Last year, as Obama took office and during the first months of his presidency, the deficit was at 10% of GDP. This year things have changed.
The Congressional Budget Office (CBO) pegs the deficit for the fiscal year, which ended Sept. 30, at about $125 billion below the $1.42 trillion record posted for 2009, CBO said in a release on Thursday.
CBO estimates that in 2010 outlays declined by $67 billion, and revenues increased by $57 billion.
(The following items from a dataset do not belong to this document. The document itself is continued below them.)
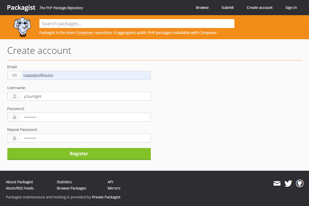 本章では、Packagistのアカウント作成方法を説明します。本章の前提条件をしては
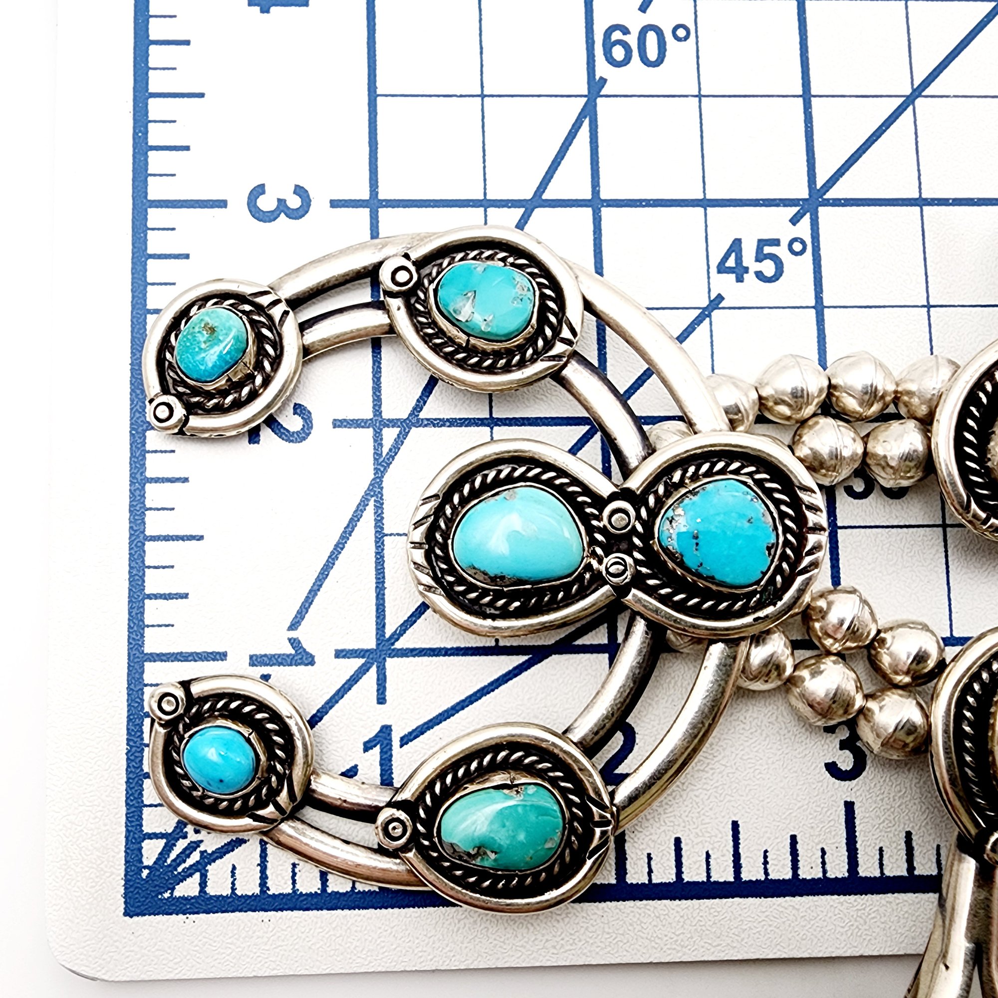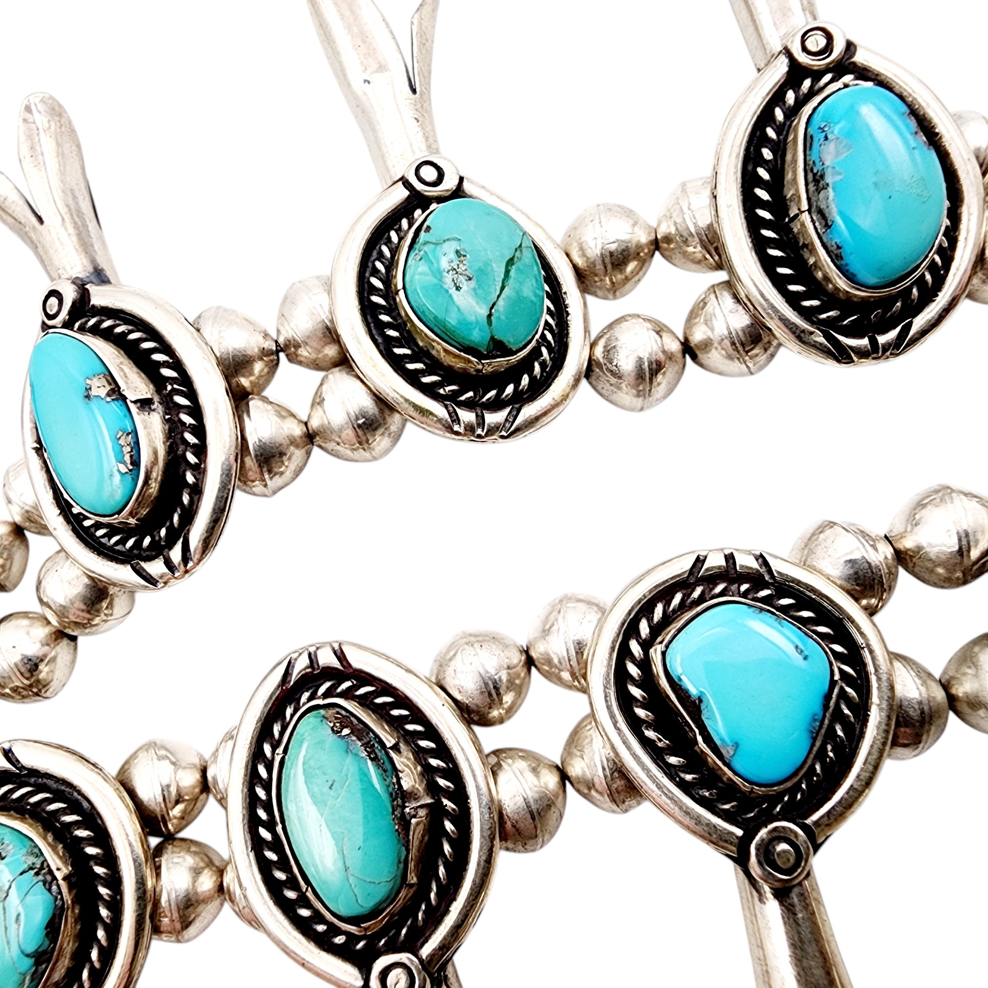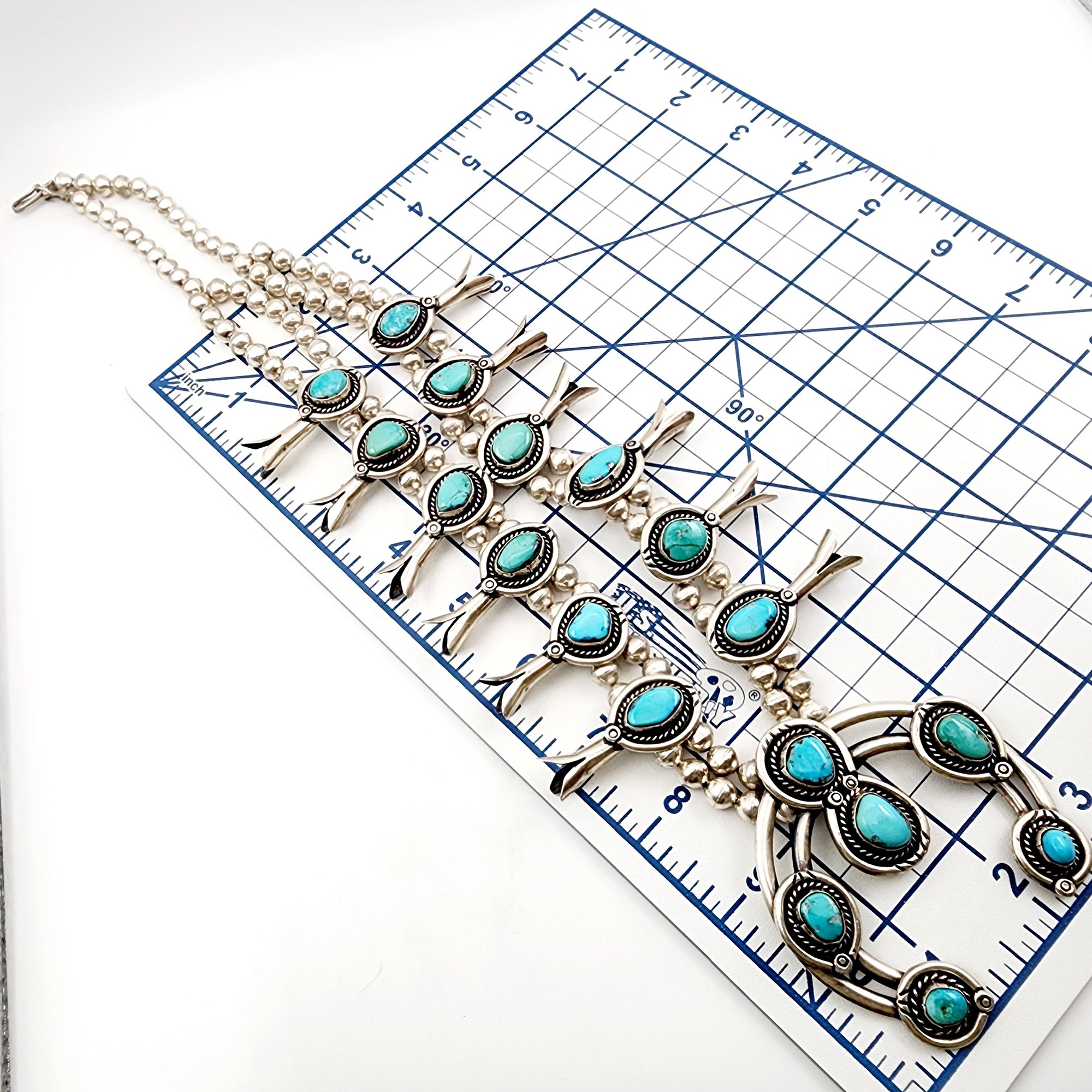 Vintage Navajo Sterling Turquoise Squash Blossom Necklace 189.3g
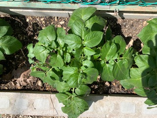 ここ最近夏が来たかのような日差しが強く,暑い日が続いていますね。その日差しを浴びながらすくすくとジャガイモが育ってきています。そうです。前回の問題の正解は,光をたくさん浴びるためにジャガイモの葉は真上を向いています。この暖かい日差しを受けながらみんなの登校を待っていますよ!
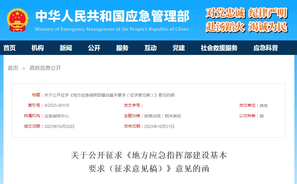 根據(jù)應(yīng)急管理部標(biāo)準(zhǔn)制修訂計(jì)劃安排,應(yīng)急管理部應(yīng)急指揮中心組織起草了《地方應(yīng)急指揮部建設(shè)基本要求(征求意見稿)》和編制說明(見附件1-2),現(xiàn)向社會(huì)公開征求意見。反饋意見請?zhí)顚憽稇?yīng)急管理標(biāo)準(zhǔn)項(xiàng)目征求意見表》(見附件3),并于2025年11月23日之前發(fā)送至電子郵箱591724758@qq.com。
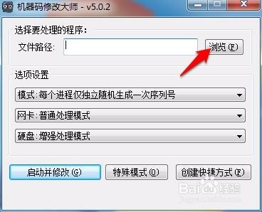 4.打开软件后点击左上角的浏览-选择需要改机器码的软件-选项设置默认(也可以按自己的需求选择)-启用并修改
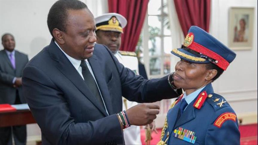 "Mayor Jenderal, sebuah kehormatan dan kebahagiaan bagi saya hari ini untuk menyaksikan Anda menjadi wanita Kenya pertama yang menjadi mayor jenderal dalam sejarah negara kita," kata Presiden Kenyatta.
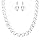 Sophisticated and stunning, this silver plated necklace and earring set features a vine of white faux pearls and sparkling rhinestones. The perfect floral accessory to your wedding, this set coordinates beautifully with your white or ivory wedding dress. The necklace has a lobster claw closure. Earrings have post back closures for pierced ears.
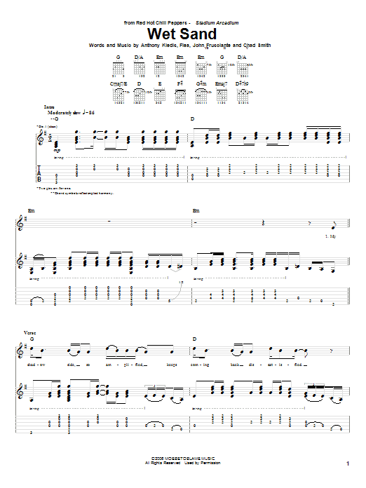 Download or print Red Hot Chili Peppers Wet Sand sheet music, chords and digital score arranged for Guitar Tab. This Pop score includes 18 page(s).

The estimated deficit is about $51 billion lower than CBO projected in August because outlays were lower and revenues were higher than previously expected, according to the report.
The deficit represented 8.9 percent of gross domestic product, down from 10 percent in 2009, based on the most recent estimate of GDP. ...The Hill
It went up sharply during the Bush decade, particularly after 2005 and was Mount Everest by the end of the Bush presidency. It's coming down now and is predicted to level off at a little below 4% by2015.
Unemployment figures for the past month show no change at 9.6%. They were expected to rise slightly. But the loss of 95,000 jobs is discouraging, particularly given that this is the last employment report before the November vote. Most of the losses occurred in government jobs -- still a reflection of the end of census work -- but the total was lowered by a significant gain in private sector employment.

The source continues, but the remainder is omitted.